In 1996, one Dr. Conklin executed an agreement creating a living trust and a pour-over will re the remainder of his estate. The 1996 agreement identifies Conklin's two children by his first wife as beneficiaries. In 2000, Conklin remarried, gaining two stepchildren. In 2002, prior to a roadtrip with his second wife to Phoenix, Conklin hand-wrote a letter, addressed it to one of his children, and left it in the glove-compartment of the vehicle he was driving. The letter states in part that, if the children and stepchildren were reading it, "it means that Jo and I have met our demise either going to or coming back from Phoenix. The trust has not been updated for several years so I will express my desire on how I wish everything to be handled." The letter goes on to identify how life insurance proceeds, real property, vehicles, and other assets are to be distributed among his children and step-children. Conklin did successfully return from Phoenix alive and the letter was later found among his records when he died in 2009. The letter was not, however, found to be a valid amendment of the trust.
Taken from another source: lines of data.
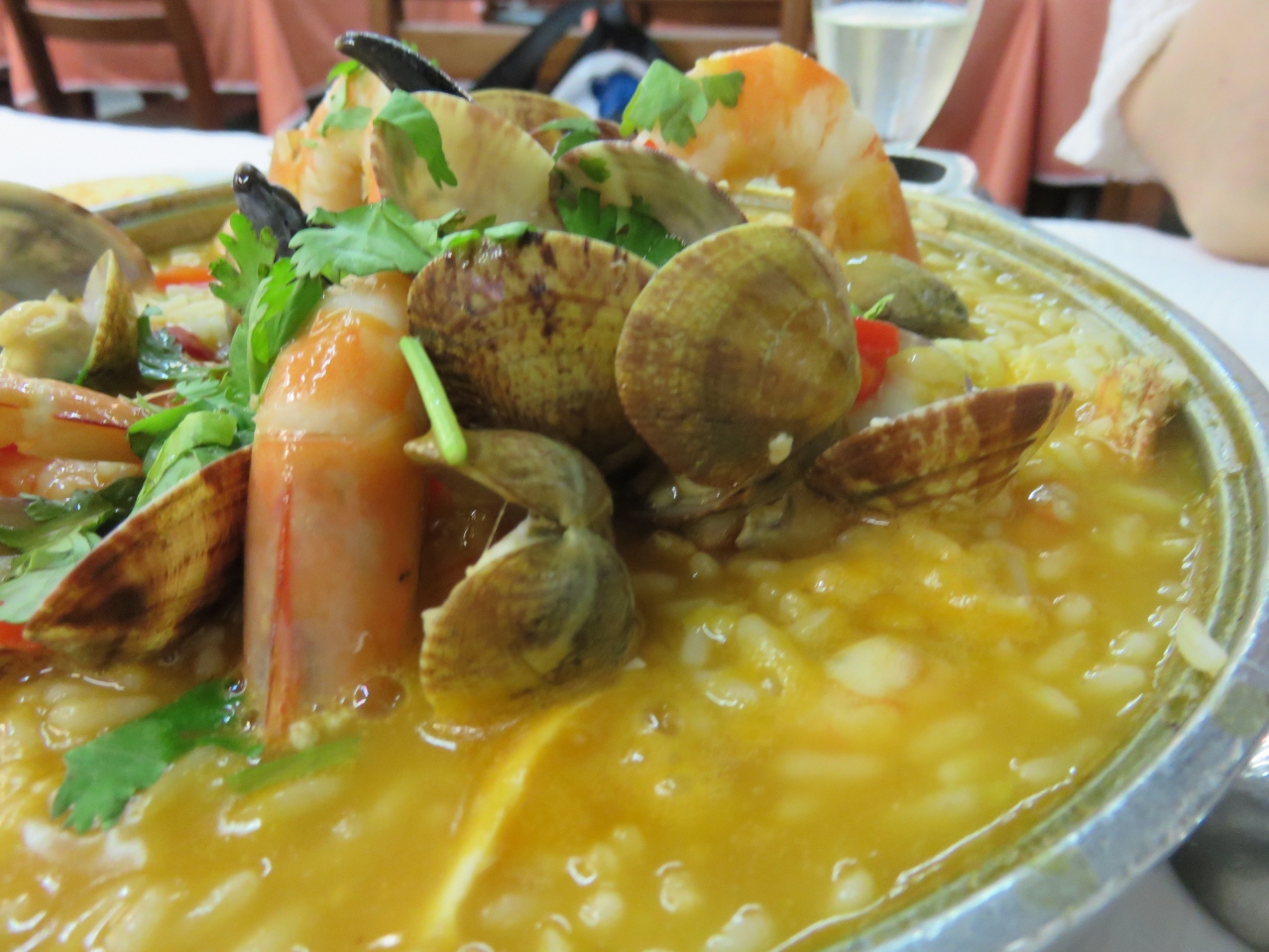 リスボンでのシーフードでは、質、量ともに一番でした。ガイドブックにも載っているので観光客ずれしてるのかな?と心配してましたが決してそんなことなく、上にはエビやあさり、リゾットの中にはロブスターや蟹がゴロゴロと贅沢シーフードが盛りだくさんのシーフードリゾット(アローシュ・デ・マリスコ ArrozdeMarisco)2014年7月€29、5。これと白ワインの小瓶二人が満腹になりました。
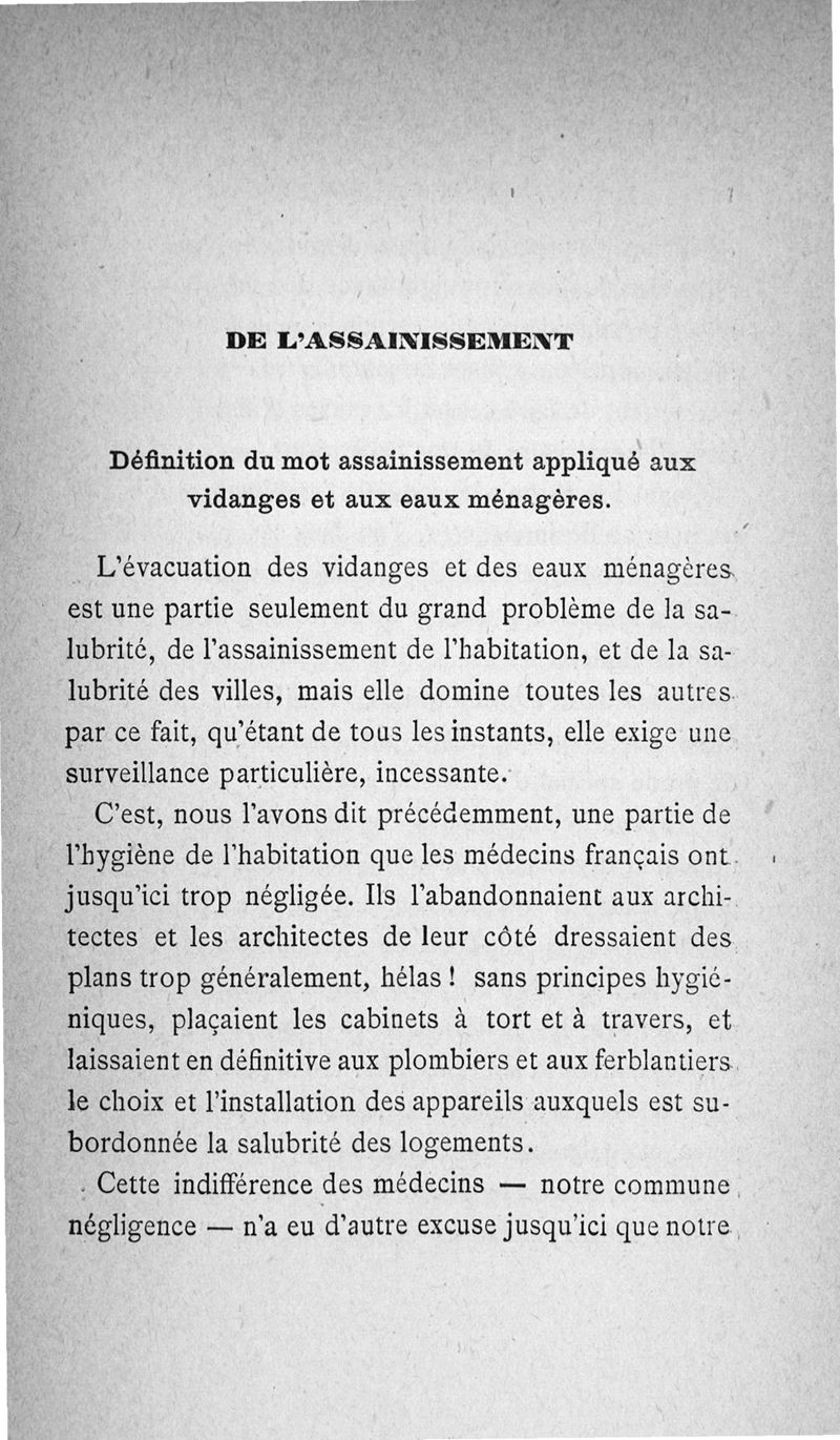Les vidanges et les eaux ménagères : au point de vue de l'assainissement des habitations privées
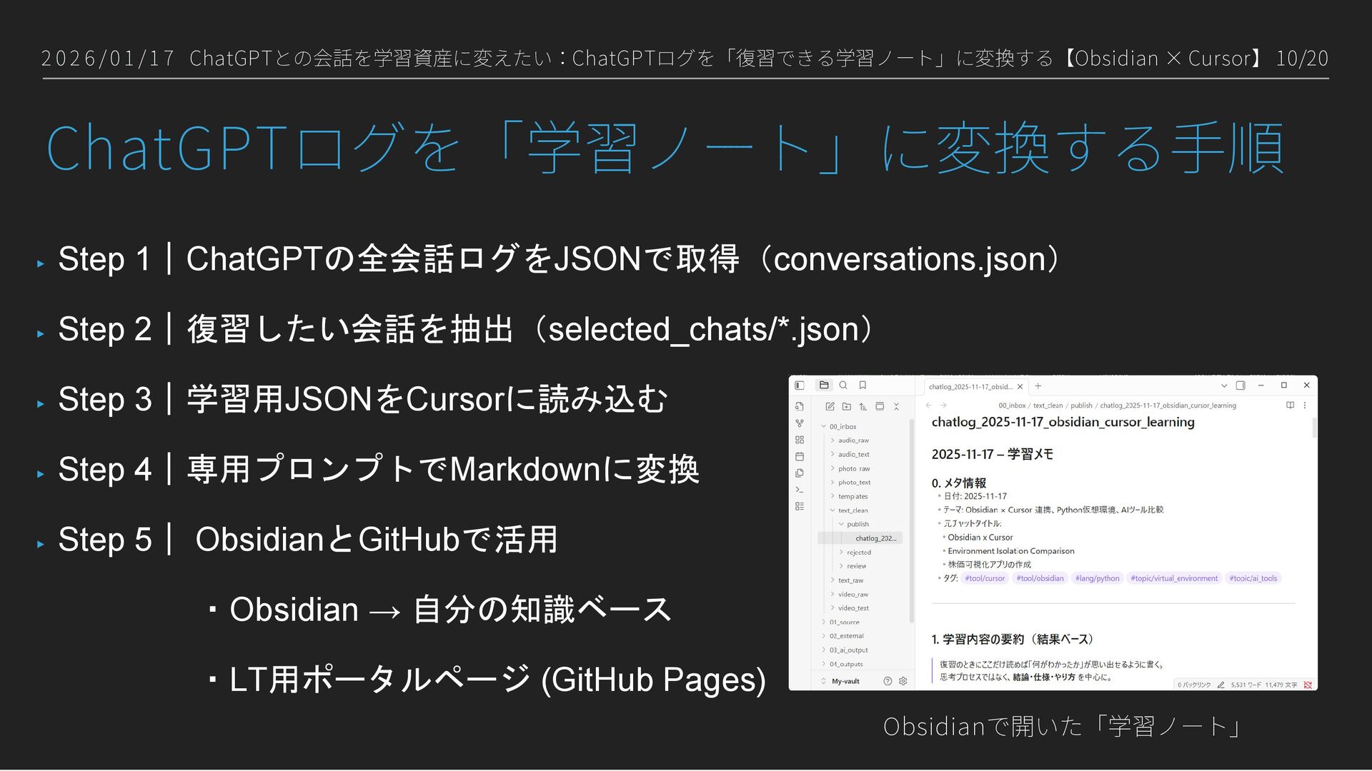 ▸ Step 4|専用プロンプトでMarkdownに変換 ▸ Step 5| ObsidianとGitHubで活用 ・Obsidian → 自分の知識ベース ・LT用ポータルページ (GitHub Pages) Obsidianで開いた「学習ノート」 2 0 2 6 /0 1 /1 7 ChatGPTとの会話を学習資産に変えたい:ChatGPTログを「復習できる学習ノート」に変換する【Obsidian × Cursor】 10/20
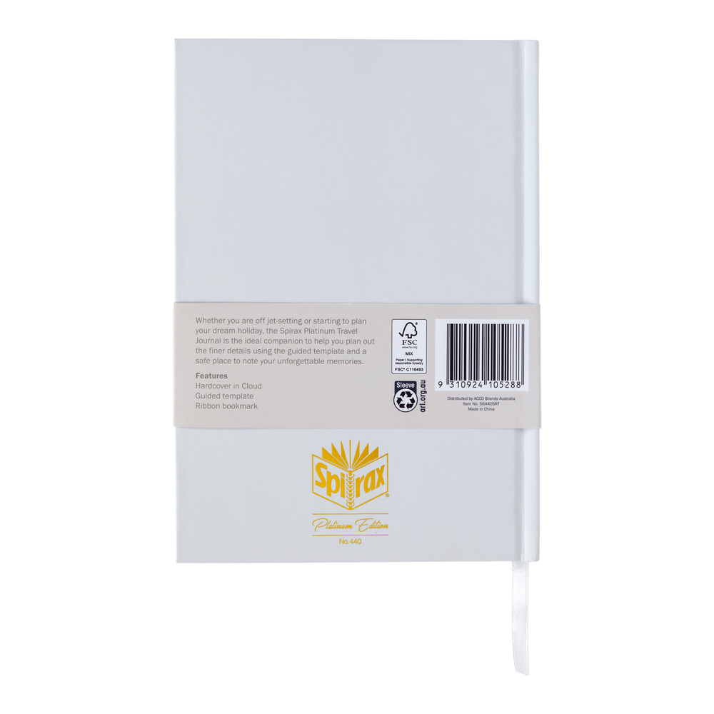 Whether you are off jet-setting or starting to plan your dream holiday, the Spirax Platinum Travel Journal is the ideal companion to help you plan out the finer details using the guided template and a safe place to note your unforgettable memories. Premium 100gsm paper. A5 size. Features a guided template to help support your travel goals. A ribbon bookmark to pick up where you left offIt has a hardcover to protect your pages.
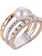 14K TRI-TONE 6.5-7MM AA FWCP & SEED PEARL DIAMOND RING
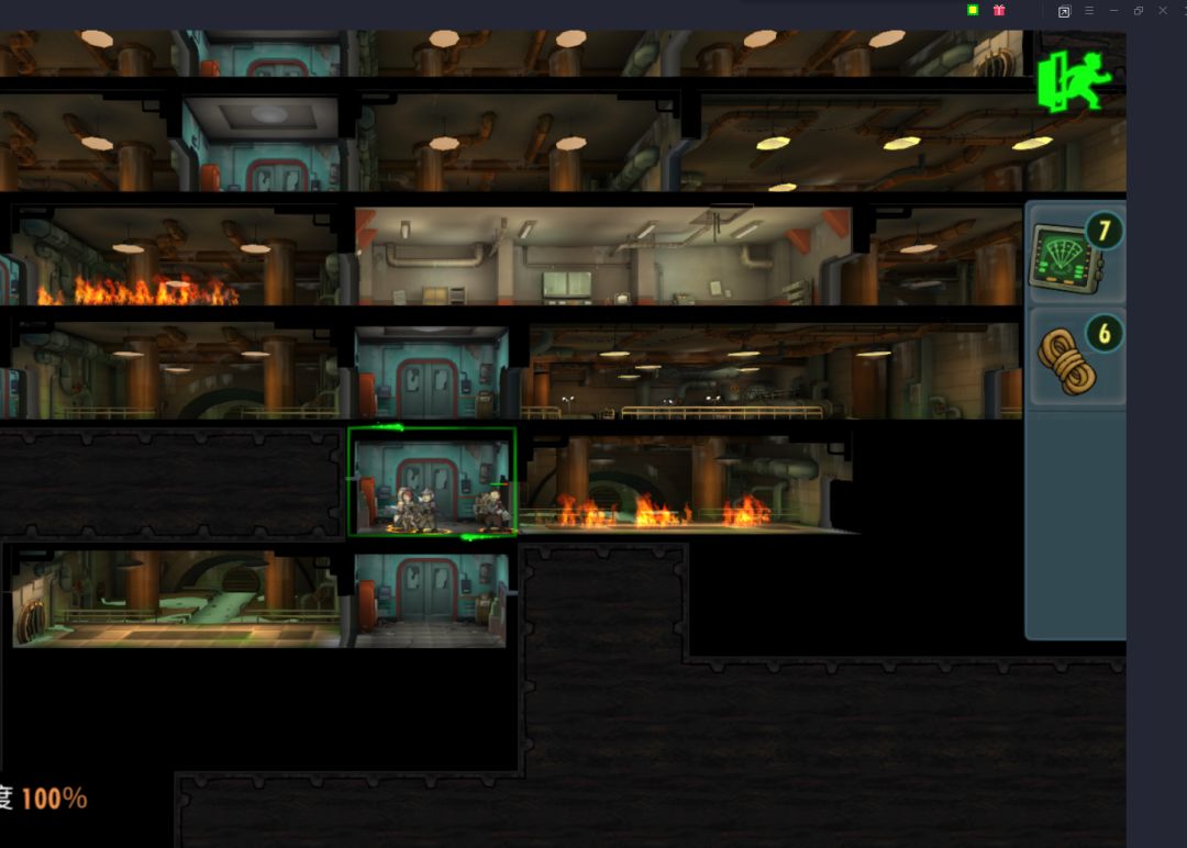 图③位置先向下走拿资源,再回来踩过有火的房间前进。
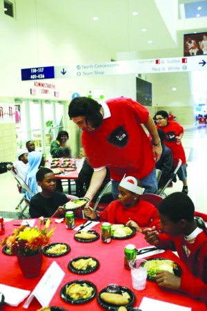 北京时间昨天,在西方传统的感恩节到来之前,火箭部分教练和球员出席了为当地无家可归的孩童举办的火鸡晚宴。斯科拉携妻子,以及巴蒂尔、海耶斯、兰德里等球员充当服务员,亲自为这些孩子上菜,就连火箭熊也扮成服务员。

Moral of the story: Letters you prepare/leave in your glove box in anticipation of your demise heading to/returning from Phoenix may not suffice to revise your trust and estate plan.
Court Overview:
Two stepchildren appeal the circuit court’s judgment in favor of their stepfather’s natural children in a dispute over whether a letter amended terms of the stepfather’s trust leaving all his property to his children and excluding the stepchildren. In a unanimous decision written by Judge Paul C. Wilson, the Supreme Court of Missouri affirms the circuit court’s judgment. The stepchildren failed to prove that their stepfather intended the letter to serve as an amendment to his trust. Neither the language of the letter nor the extrinsic evidence provides any clear and convincing basis – directly or by any fair inference – for concluding that the stepfather understood and intended for the letter to serve as an amendment to the trust. The circuit court did not abuse its discretion in awarding attorney fees and costs to the children, nor did it err in holding the children did not violate the trust’s no-contest provision in defending the trust.